▶ _Source data_
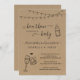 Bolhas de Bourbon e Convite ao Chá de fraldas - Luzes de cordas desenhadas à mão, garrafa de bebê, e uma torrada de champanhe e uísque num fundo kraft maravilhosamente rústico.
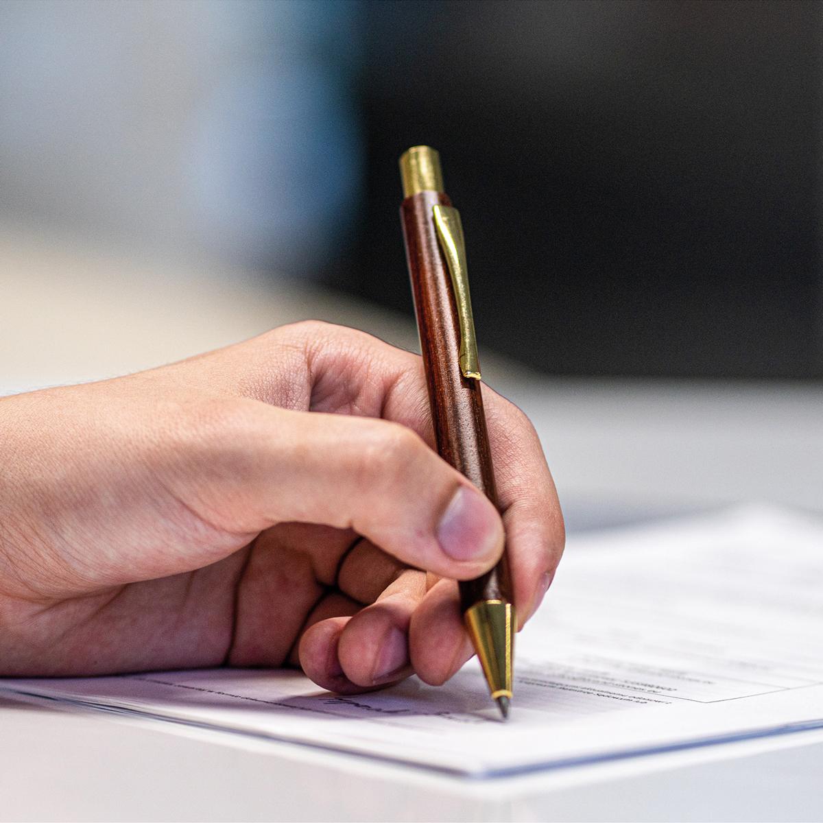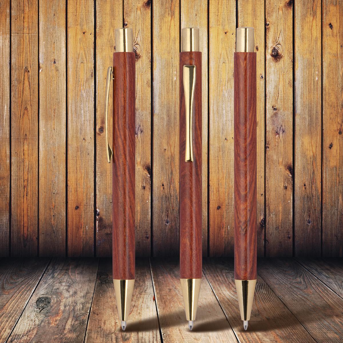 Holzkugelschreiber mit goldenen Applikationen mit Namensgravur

---

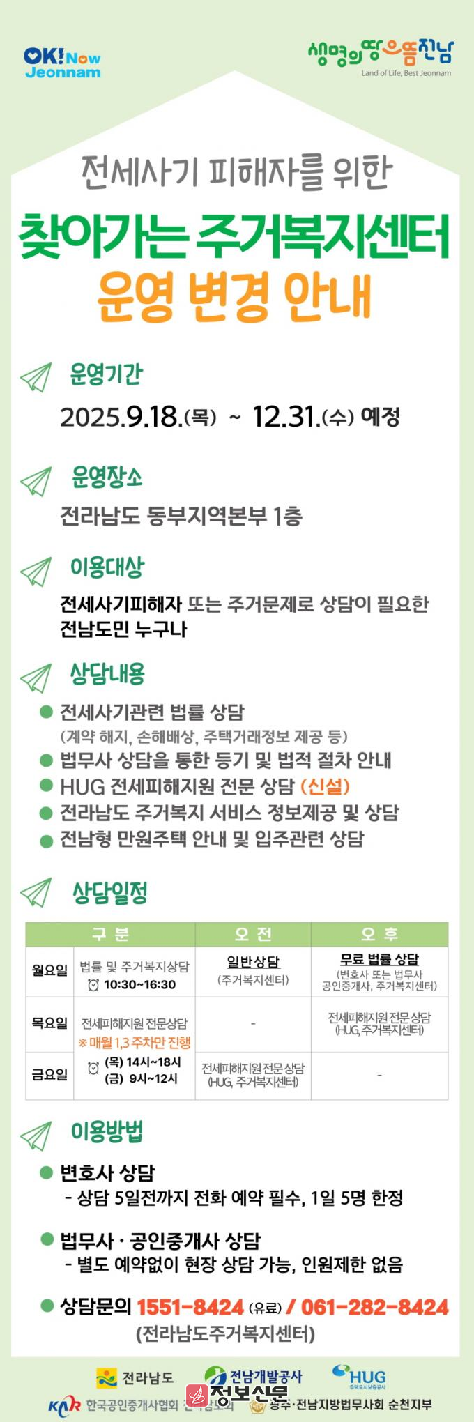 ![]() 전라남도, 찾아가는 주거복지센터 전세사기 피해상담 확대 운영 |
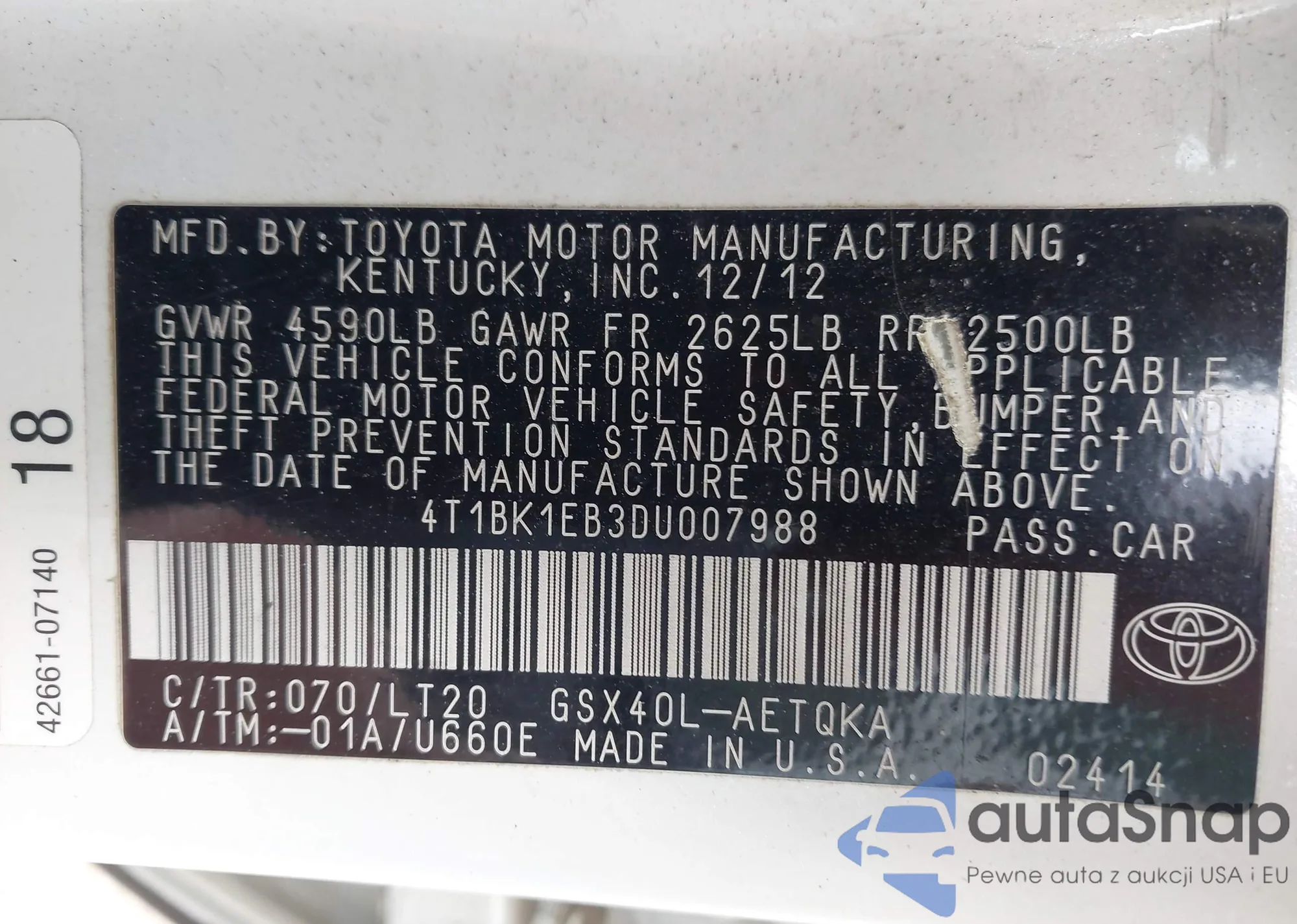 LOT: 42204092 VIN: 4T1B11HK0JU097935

▶ _Work order_
For the entries above, print exactly the lines between the one with "Bolhas de Bourbon" and the one with "Holzkugelschreiber mit goldenen", inclusive, with no pictures.

▶ _Result_
 Bolhas de Bourbon e Convite ao Chá de fraldas - Luzes de cordas desenhadas à mão, garrafa de bebê, e uma torrada de champanhe e uísque num fundo kraft maravilhosamente rústico.
 Holzkugelschreiber mit goldenen Applikationen mit Namensgravur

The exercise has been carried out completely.